Once the design is finalised, that’s it says Ramdan — the company will work round-the-clock to get the job done, something that doesn’t happen often enough anywhere in the world, he asserts.
“We spend a little bit of time in good planning and then we roll like mad like a bulldozer, nothing stops us,” said Ramdan.
And his opinion is one spoken “with confidence not emotion”, because of his years of experience combined within the 52 Ròya “brains” — architects, engineers and construction experts to name a few.
So, what view does such an industry stalwart have of the current hospitality market in the UAE? And what are his predictions for the future?
Road to recovery
Ramdan refers to the impact of the global recession as like falling from a “cliff” not a “slope” for Middle East hoteliers. He says that as a result of the sudden drop, they haven’t yet had chance to plan their strategy coming out of the recession.
“What they did is they tightened their belts, stopped the project, suspended the project, possibly cancelled the project, but they have not yet thought strategically about what to do differently. It has been less than a year — on its anniversary or the minute we see sign of recovery you will see people think consciously or unconsciously as to how they can do things differently,” says Ramdan.
And on this he is adamant that yes, people ought to do things differently.
“They ought to because I think we did lots of crazy things in hospitality throughout the region here. Buildings were designed badly, not designed for purpose, buildings were put up very fast — nobody thought of sustainability, nobody thought of the future.
“And number two, because business was so good people did not negotiate a good deal with their product or negotiate a good deal with their bank. They did not think of a ‘plan B’ if ‘plan A’ didn’t go well after two or three years. Now, gradually, you will see people are thinking is it viable, what if? Before no one thought of what if?”
“Not only will owners and operators think differently, but bankers also,” continues Ramdan.
“Bankers are already thinking differently; lenders are quite different now than a year ago,” he says.
“They are more cautious; they are looking at viability. They are not going to finance you 90% any longer, they might finance you 60%, 65%. The risk department will analyse your building — are you spending cost effectively?

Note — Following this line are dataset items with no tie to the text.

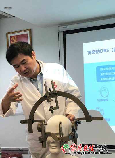 “脑起搏器,即脑深部电刺激(DBS),是帕金森病外科治疗领域里程碑式的新技术。它是通过植入大脑中的细微电极发射电脉冲刺激脑内核团,进而达到控制患者症状的目的,是国际上最先进的神经调控技术之一。”刘金龙教授介绍道。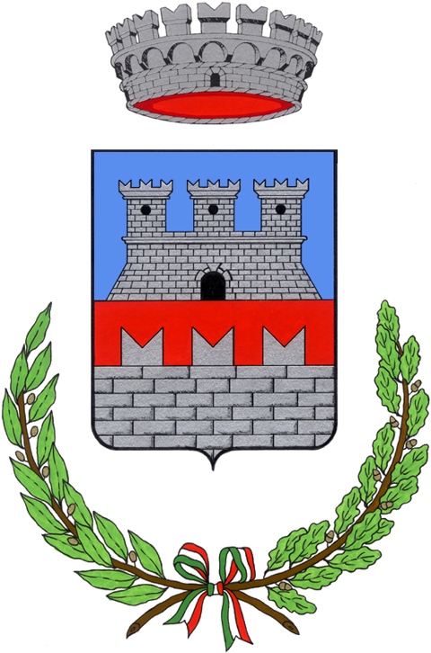 Casella Coat of Arms (Liguria Region - Italy). Image, Field Partition, Charges, Tinctures and Gonfalon. Symbols: Castle, Tower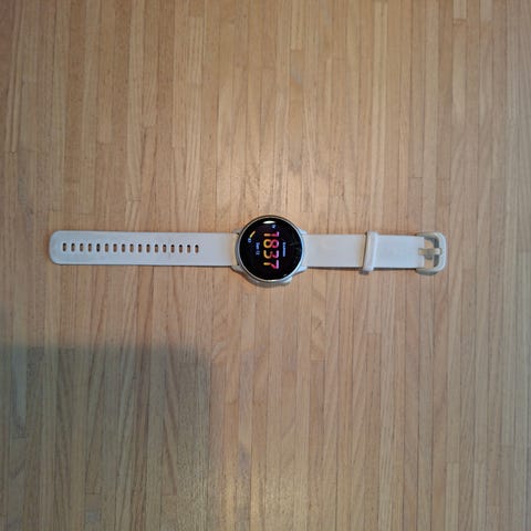 Smartklokke med rundt urkasse og hvit silikonreim. Klokken har flere justeringshull i reimen for tilpasning til håndleddet. Baksiden har ladekontakter og sensorer for måling mot huden. Egnet til daglig bruk og aktivitetssporing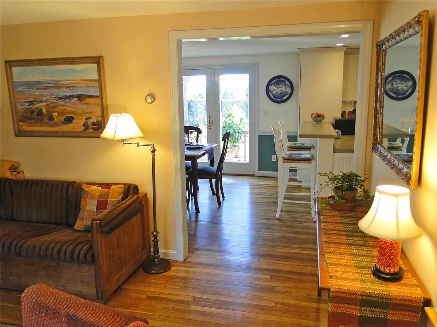 The kitchen is well stocked; It has a dishwasher, refrigerator, coffee maker, electric water kettle, gas range and oven, utensils, and cookware. Adjacent to the kitchen is a breakfast counter with barstool seating. The dining room has French doors opening onto a fully furnished deck with a gas grill. The living room has plenty of seating and a flat screen TV. The library/den has a desk and a couch. Central AC/heat and WIFI are available throughout the house. <br />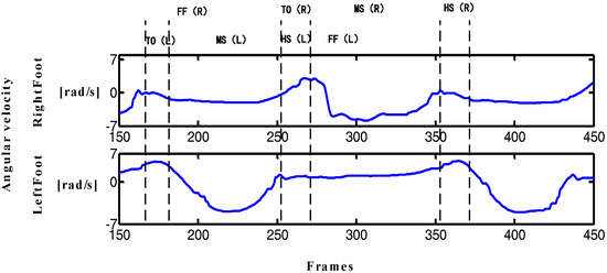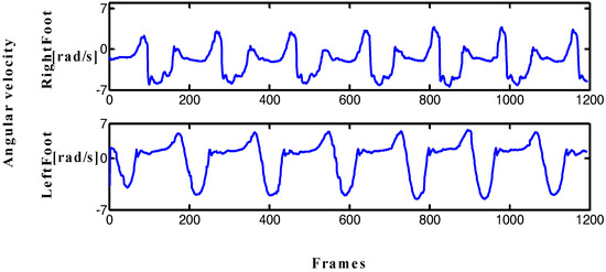 Amplitude variation of angular velocity in walking (1 frame = 0.017 s).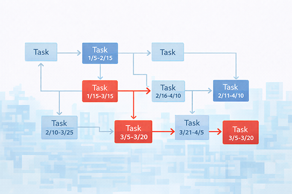 クリティカルパス分析は、PERTで表したネットワークの中から「全体の工期を決める最も時間のかかる経路(クリティカルパス)」を見つける手法です。クリティカルパス上の作業が遅れるとプロジェクト全体が遅れるため、重点的に管理すべき作業として把握できます。

“This to me is a goods sign, bankers are caring and worrying,” he says.
CONSULTANT’S CORNER
Another thing to change for the better as a result of the downturn, says Ramdan, is the fact that more people will consider investing in third party services.
“The market is coming up and I can see a few individuals doing what I do, but we are receiving more calls and more enquiries. They realise they benefit if they go to a consultant,” says Ramdan. “Still, it tends to be very traditional here; they think an architect can do everything. That mentality still exists; to change it will take time,” he observes.
Another positive outcome is the fact that owners are becoming more sophisticated in their management contracts, adding exit strategies and termination clauses into contracts.
“So many milestones are being thrown in on operators; that was not the case before. This will increase further. You will soon realise that owners are going to dig deep into the financial performance of their building; before they were making money, it didn’t matter,” says Ramdan.
Asset management is also likely to become more popular, he says, (see page 101), as is project management.
For this reason, Ròya has recently added this service to its portfolio. “We have created a project manager especially for hotels,” says Ramdan.
Already in demand at projects such as the Talal Liwa, this is surely set to increase Ramdan’s workload further — he is already overseeing 42 projects at various stages.
Somehow, we don’t see this phasing him, do you?